I had trouble deciding which color palette to use with Olive. I had several shades and I kept looking at the opposite ends of the spectrum. When I finally looked in the middle, and went from there, it finally hit me which shades to use for Olive. Olive spent a lot of time hanging on my design wall this week with me just staring and thinking.
It was easy to find the larger shapes in Olive and trace them. I pieced Olive together differently than I did for Lucy. For Lucy I traced all the shapes onto the fusible web and then I ironed them onto the material. For Olive, I traced a shape and then I ironed it onto the material. I went shape by shape because even though I had the material lined up from the lightest to the darkest, and had numbered the shapes on the pattern. I just had a difficult time imagining the shades on Olive. Doing it shape by shape took a long time, because I would stop quite often and pin it on my design wall and just stare.

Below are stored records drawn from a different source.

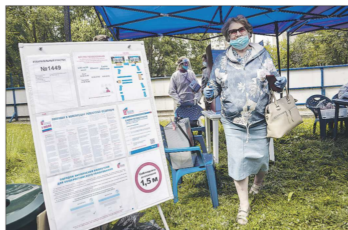
В Свердловской области явка за первый день голосования составила 6,34 процента – своё мнение по поправкам выразили 211 084 участника

Подготовлено в соответствии с критериями, утвержденными приказом Департамента информационной политики Свердловской области от 09.01.2018 №1 «Об утверждении критериев отнесения информационных материалов, публикуемых государственными учреждениями Свердловской области, в отношении которых функции и полномочия учредителя осуществляет Департамент информационной политики Свердловской области, к социально значимой информации».
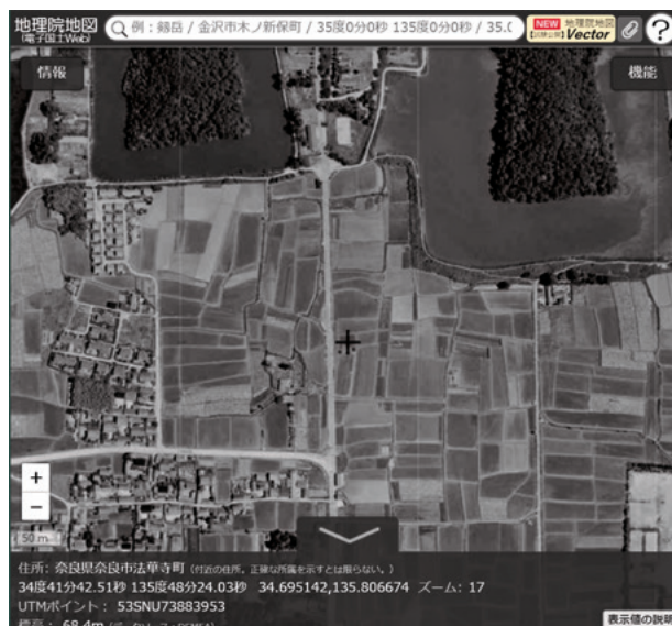
図3 地理院地図を用いた位置情報の取得(国土地理院)

遺跡の位置を記す方法は、遺跡の所在地が一般的だが、緯度経度も同時に記すことをお勧めする。遺
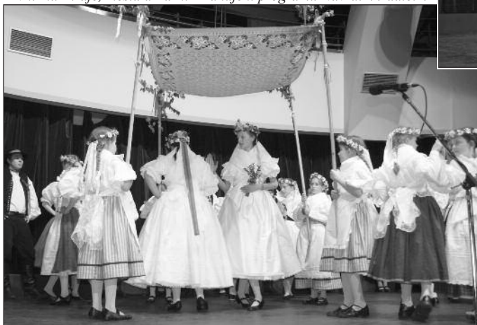
Text a foto – Marta Kozánková
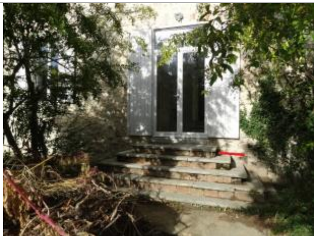
laisse au niveau du trait rouge
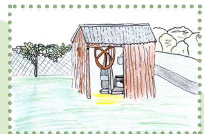
Žagarjev vodnjak z nadstrešnico in kolesom (risba: Karin Najdenik, 5. r.)

First, I did her body because it was the easiest to pick out the shapes and shades.
Next, I did her head, but something was missing. Her head looked flat. Thinking of my painting lessons from Karen Winslow in July, I realized the top of Olive's head needed to be darker to give the appearance of dept.
Olive's owner likes pink. I thought about making the border pink, but it just didn't work for me. So back on the design wall went Olive and I left her alone for several days to think about it. Next week, I hope to complete Olive.
Here is pretty view from our visit to Vermont this summer.
Can you believe that rainbow? The brillance of it? Also, look at the formation of a second rainbow to the right of the main one. If you look closely above the roof, you can even see the beginning of the rainbow, something I have never seen before. It was truely "candy" for the eye.